If marketing is so damn sophisticated how come we fall for the same old shite?

May 20, 2009

images
Take it for a test drive!

I saved an article from the Chicago Tribune’s business section (Gregory Karp, May 3rd) about “weaknesses” in consumer behavior. In it, Karp reports studies being done by the University of Wisconsin and a few observations published in the Journal of Consumer Research. The findings are both obvious and startling, probably because they’re true. Check it out.

Even when consumers think they are utilizing sound thinking they’re not. For example, if consumers see a punch list of attributes next to a product they immediately assume it’s better. Therefore, advertisers need only attach a slew of benign facts to their wares to imply superiority and justify higher prices. We see this all the time. Go to Home Depot. The higher priced lawn mowers have the most specs. The same phenomenon occurs online.

Touch equals sales. Karp points out, “When consumers handle a product, they begin to feel ownership of it.” We all know what happens next. Impulse purchasing. Or we obsess about the product, imagining if only we’d bought it, until we do. Test-driving vehicles is probably the most famous example of touching equaling sales. Apple stores do a pretty good job of it as well.

This is my favorite learning: Research shows that people loathe breaking large bills. Conversely, we will happily fritter away quarters and one-dollar bills. The studies suggest that if you’re trying to save money carry large denominations. I know when I have a “hun” in my wallet it tends to stay there longer than its younger brothers. On the other hand, if I’d left the hundred in the bank it would have probably lasted even longer.

Finally, this old chestnut: people pay the most attention to the left digit in an item’s price. In case you hadn’t figured it out, this is what drives the ubiquitous 99 cents suffix. We’ll fork over $3.99 far more often than $4.00. Silly us.

Granted, some of this info feels vintage, circa sex-in-the-ice-cubes, but all of it is vital. These observations defeat the old notion, once and for all, that consumers make purchases based on facts and rational thinking. What’s funny is few of us are invulnerable. I know I’m not. And I should know better, right? How about you?

4 Responses to “If marketing is so damn sophisticated how come we fall for the same old shite?”

  1. Marc Gobe really emphasizes touch points as a vital part of the brand experience, especially with Cidade Limpa in 2006. I find it surprising that retailers don’t take more advantage of that fact.

    That said, this article also reminded me of a study I read that revealed “audiences enjoy comedy.”

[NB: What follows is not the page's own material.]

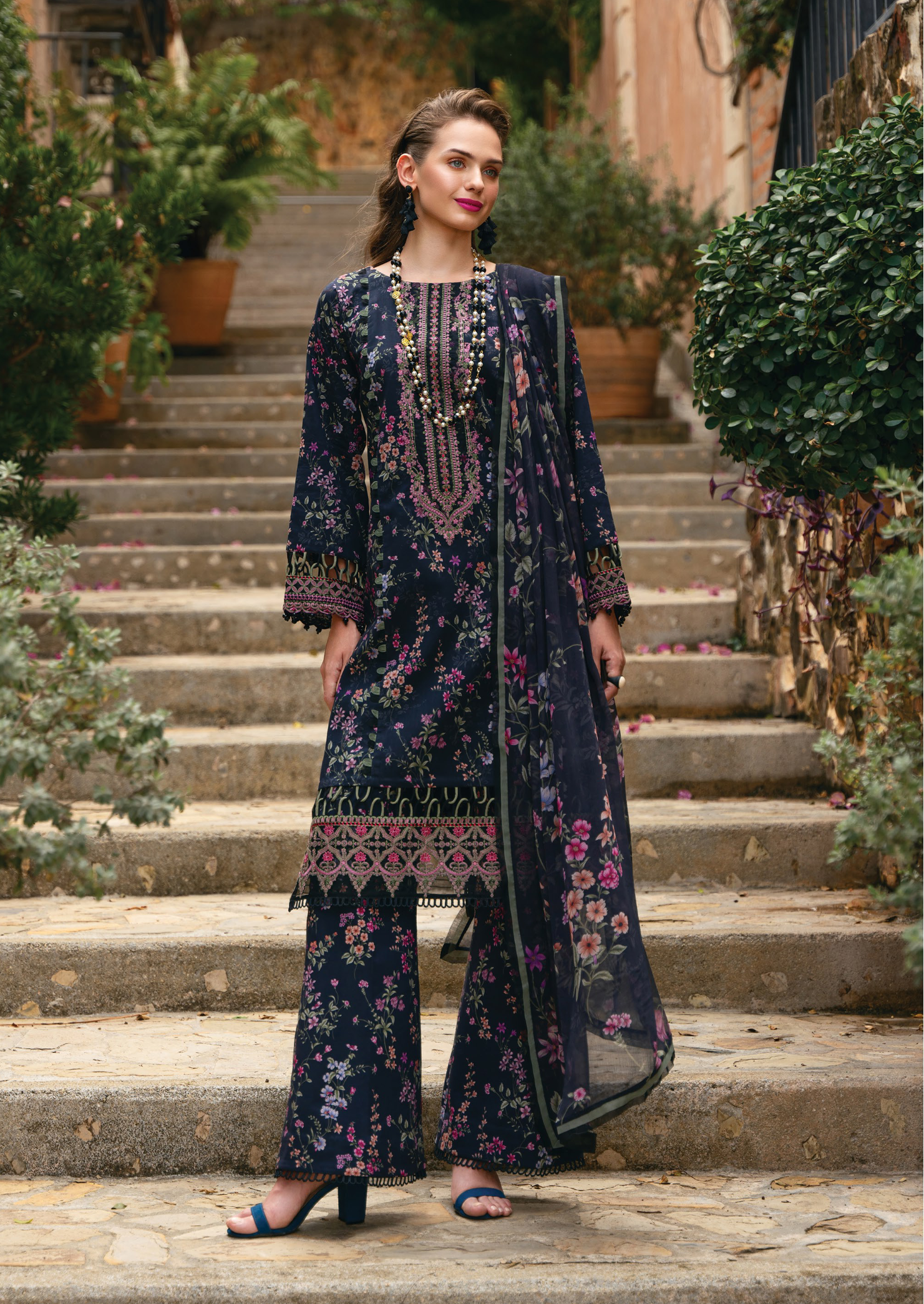 Black Gulaal Lawn 2024 Volume 2: Digital printed lawn shirt and chiffon dupatta with cotton trouser. Also Embroidery design organza border on neckline, front portion, sleeves and trouser.

    Really? I wouldn’t have guessed.

  2. If you’re a seller, the cute days of “99” pricing may be gasping for air, as in the $499,000 price point for that nice urban condo.

    Look at the search engines that help sort by price–they’re done in even plateau increments. Someone looking for a $500,000 (and up) dwelling won’t ever see your stupid $499,000 listing.

  3. adchick said

    Perhaps it’s because we’re advertising to the masses. Perhaps the majority of Americans are not as sophisticated, educated, alert, savvy and aware as agencies might like to believe. The horrible furniture commercials that I have posted, for example…these guys are doing incredibly well. (Sad, but true) They know their audience. And that’s rule #1, isn’t it?

  4. golublog said

    The large bill thing is completely true. I never even want to break a twenty.